After the closed-door session, Donald W. Rutherford, the WIC board’s chairman and an employee of a separate LDC who could lose 12 years of pension benefits, suggested that WIC staff start looking for alternative pension coverage. A special meeting will be scheduled after votes in the Senate and Assembly.

The pension bill was one of several that lawmakers were discussing in the run-up to an orderly end of session, as Gov. Andrew M. Cuomo said this year’s would be. The last day of session is Thursday, and lawmakers are eager to get back to their home districts to focus on re-election campaigns. State law dictates that bills must sit on legislators’ desks for three days before they’re voted on, which meant Monday was a de facto deadline for legislation to be introduced or amended.

The other major effort afoot among the north country’s legislative delegation was a bill called Mark’s Law. Named for a Cape Vincent emergency medical technician who was killed in the line of duty in 2009, Mark’s Law would punish the murderers of first-responders with the same crime that applies to police officers’ murderers. But it hasn’t moved out of committee in the Assembly.

Mrs. Ritchie, who has spearheaded the legislation in Albany, said Tuesday it passed her chamber for a second time. The bill was amended slightly by Mrs. Russell, who said it was a technical change that would have no effect on its implications.
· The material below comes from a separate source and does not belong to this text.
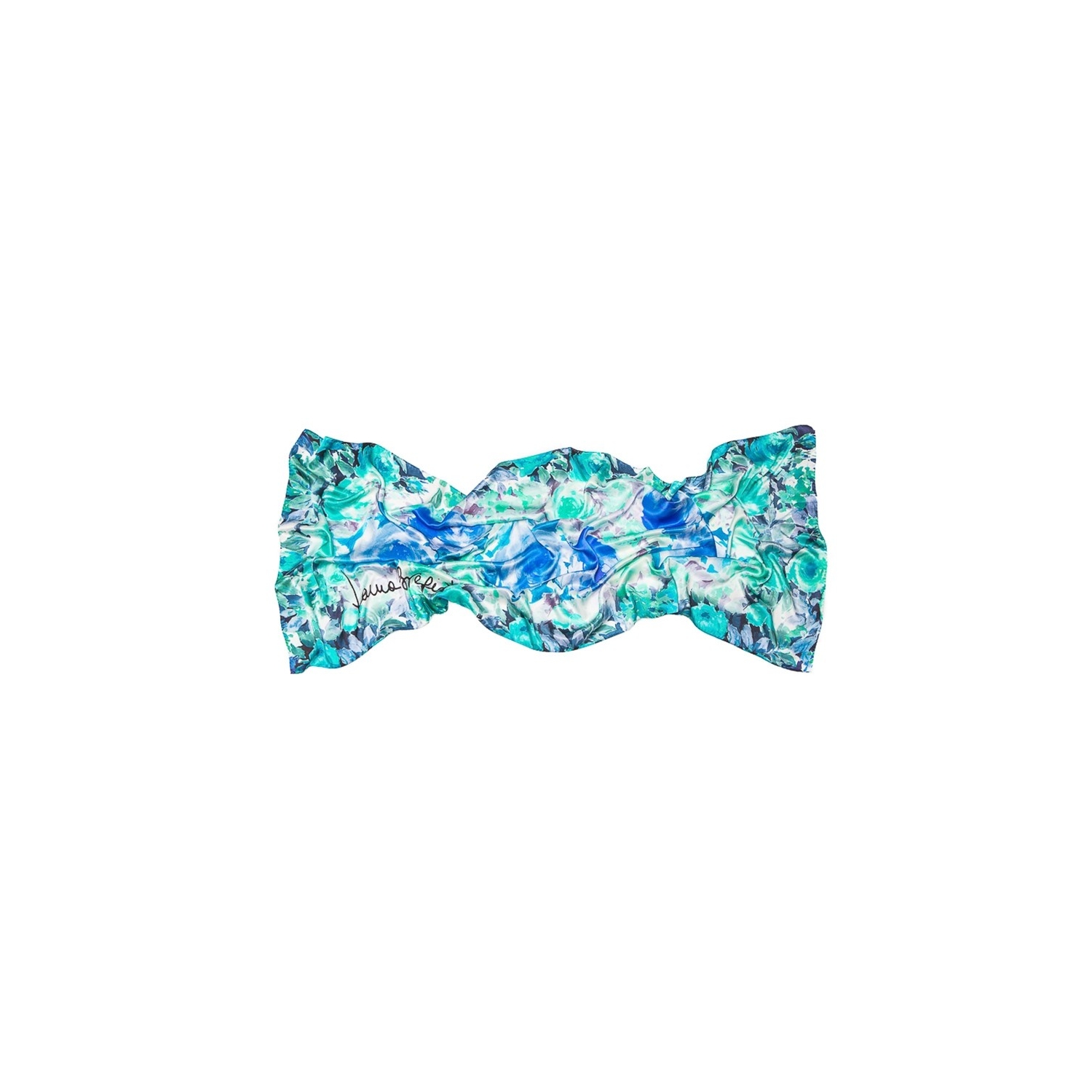 A special material and a print with a floral delight. Blu roses on silk, signed print by Laura Biagiotti.
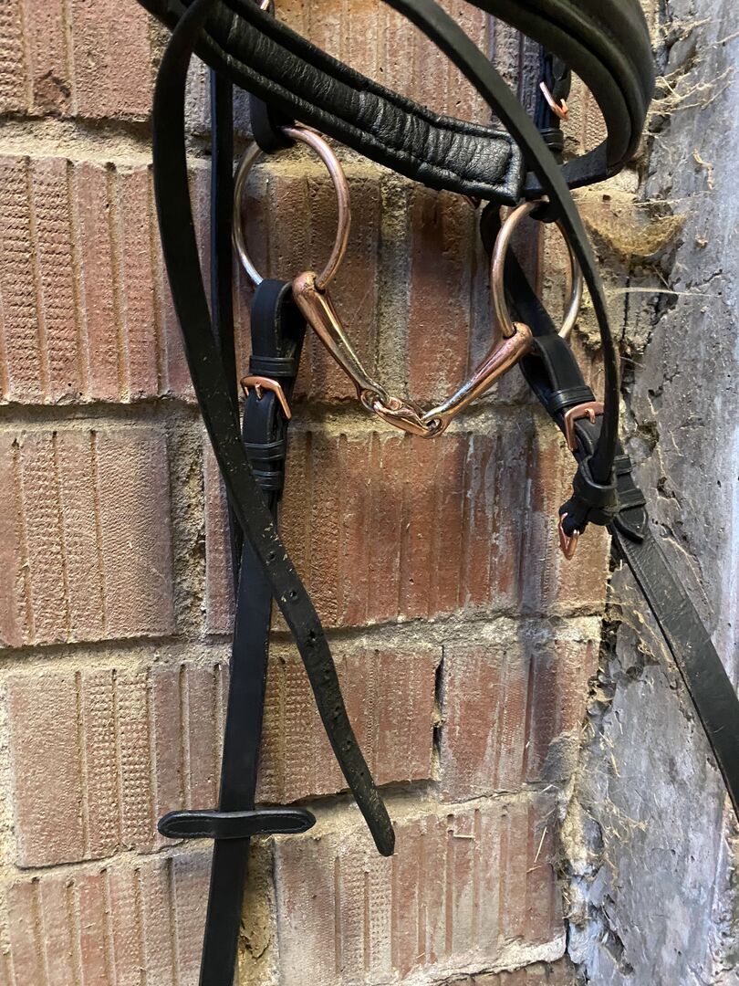 Snaffle od Showmastera - Oferuję mało używane snaffle firmy Showmaster wraz z lejcami i bitem w rozmiarze 14.

The fate of that bill is still up in the air. Mrs. Ritchie said she spoke with the chairman of the Assembly Codes Committee, Joseph R. Lentol, late last week. He told her the bill still had a chance of passage, she said.

“He told me that there was still hope, and that there’s a possibility it may pass the last week of session,” Mrs. Ritchie said.

Times staff writer Craig Fox contributed to this report.